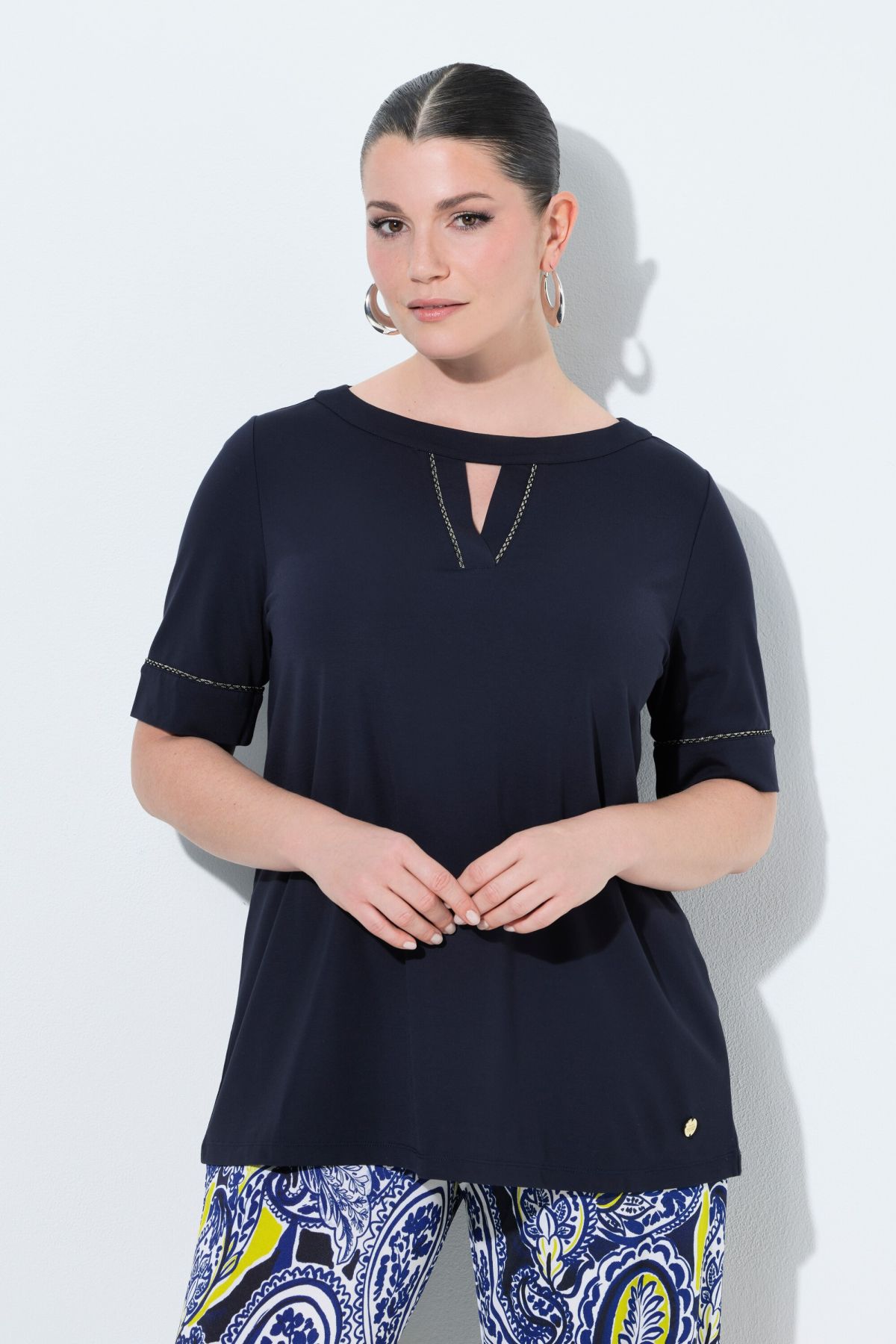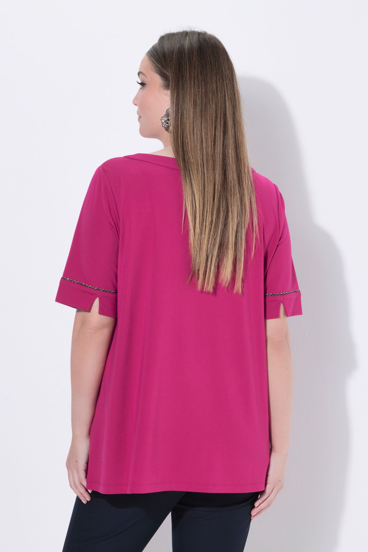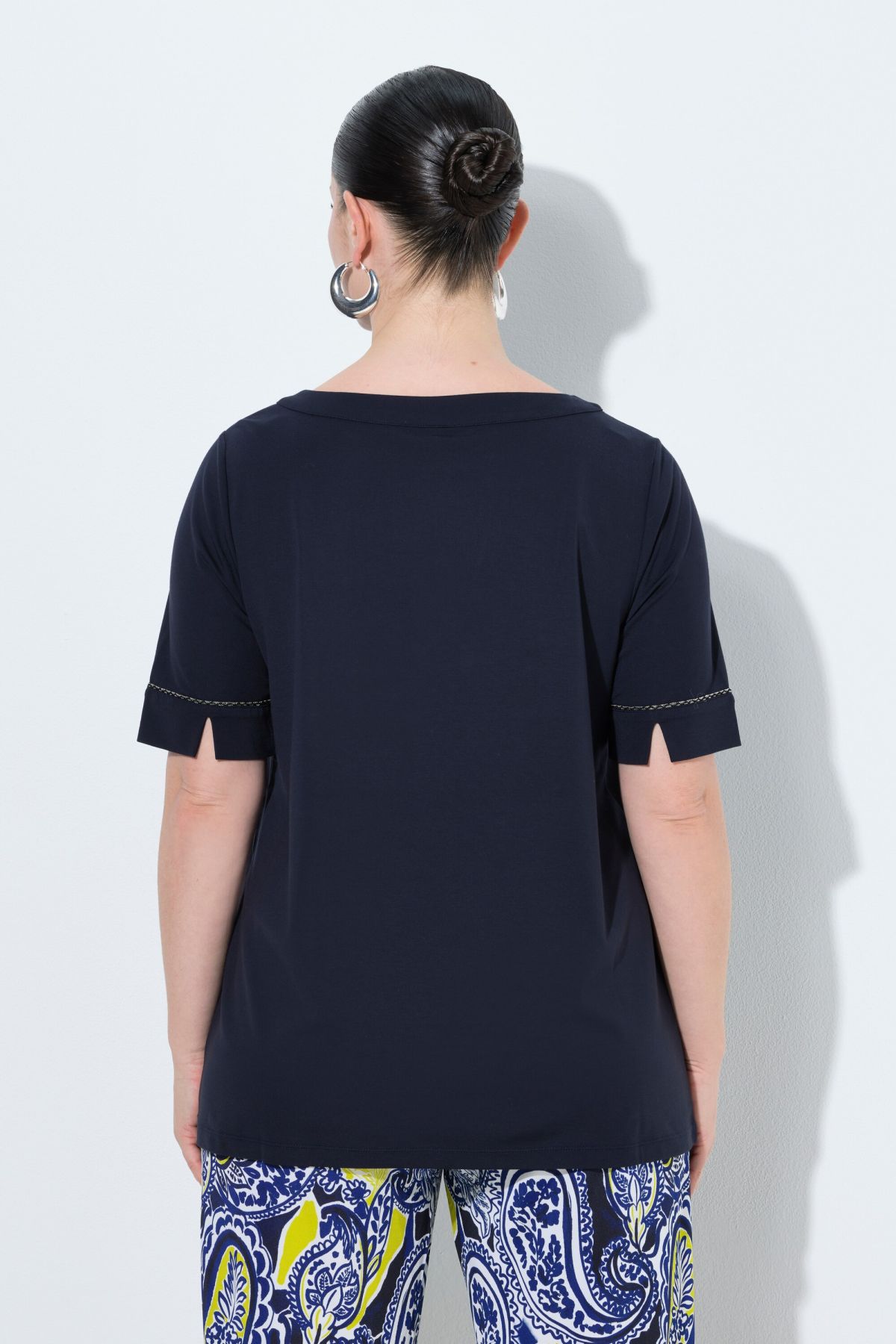 Élégant liseré fantaisie au niveau du décolleté et sur les manches, Encolure bateau, Coupe légèrement évasée, Manches courtes, Jersey point de Rome de grande qualité, Long. selon taille env. 68-76 cm.
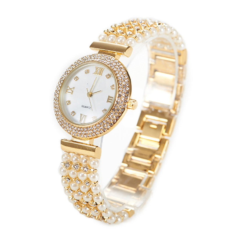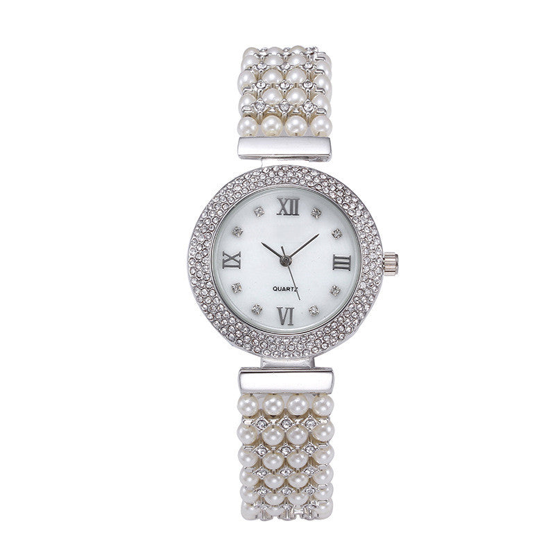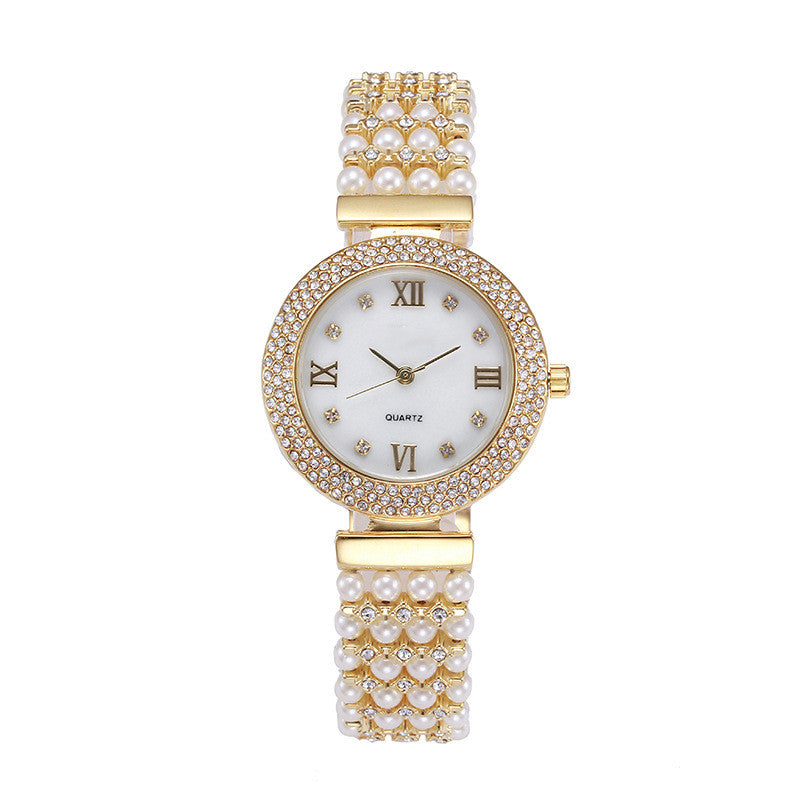 Women's Fashion Pearl Quartz Watch With Diamonds
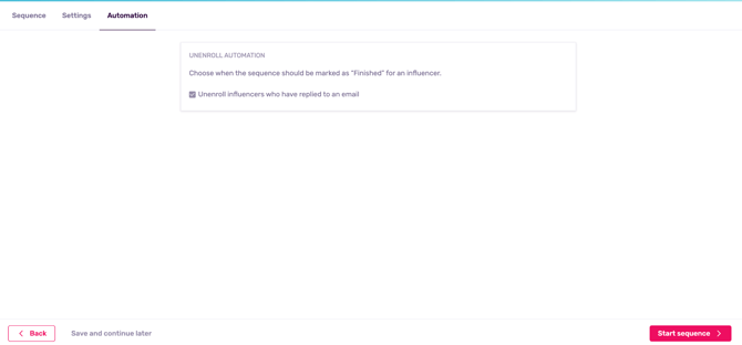 Pro Tip: If you need to stop a sequence for a specific influencer manually (e.g., they replied via DM instead of email), you can manually select them in the sequence dashboard and click Unenroll/Stop.

What you are asked to do:
Restate, line by line and word for word, everything from the top of the material through the line that contains "Women's Fashion Pearl". Leave pictures out.

Problem solution:
 Élégant liseré fantaisie au niveau du décolleté et sur les manches, Encolure bateau, Coupe légèrement évasée, Manches courtes, Jersey point de Rome de grande qualité, Long. selon taille env. 68-76 cm.
 Women's Fashion Pearl Quartz Watch With Diamonds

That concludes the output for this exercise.